Over the years, he has trained dozens of Masters of Sports of the USSR and Russia. His students have become prize-winners and winners of all-Russian and international competitions. Kostygov has made a significant contribution to the development of the Leningrad/Saint Petersburg swimming school. Among his well-known students is Aleksandr Chayev, a silver medalist at the 1980 Olympic Games.

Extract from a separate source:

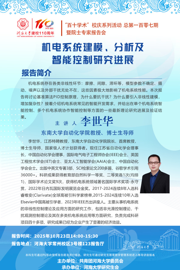 “百十学术”系列活动第107期——李世华教授:机电系统建模、分析及智能控制研究进展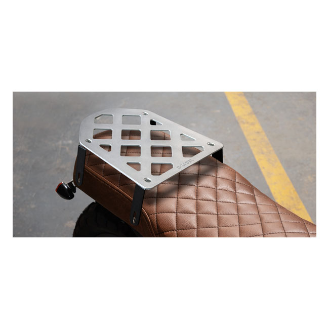 Silver/Black electrostatic painted. Specifically designed for use with C-Racer's 950751 (black) or 950752 (brown) seat only. This small luggage rack is placed over the back (passenger) section of the seat; therefore carrying a passenger is no longer possible. Converting back to passenger mode is simple & quick since it installs; or removes; with just 4 screws. Made from 4mm thick aluminum with 3mm thick steel mounting brackets. Maximum luggage weight is 10kg. Complete with installation hardware and instructions.

In his youth, Sergei Kostygov himself achieved the standard of Candidate for Master of Sport of the USSR.

== Notable students ==

- Aleksandr Chayev- silver medalist at the 1980 Olympic Games.
- Anna Nikitina - silver medalist at the European Championships, two-time winner of stages of the World Cup.
- Denis Grishin - winner and multiple medalist of stages of the World Cup.
- Igor Marchenko - multiple medalist at the World Championships, multiple winner and medalist of stages of the World Cup, champion and medalist of the Universiade.
- Aleksandr Shilin - represented his adopted nation Kyrgyzstan at the 2000 Summer Olympics, and posted top-ten times in 50 m backstroke from the European and Russian Swimming Masters.

== Awards and achievements ==

- Honored Coach of Russia (2021)
- Has been named one of the top 25 coaches in the USSR and Russia 13 times.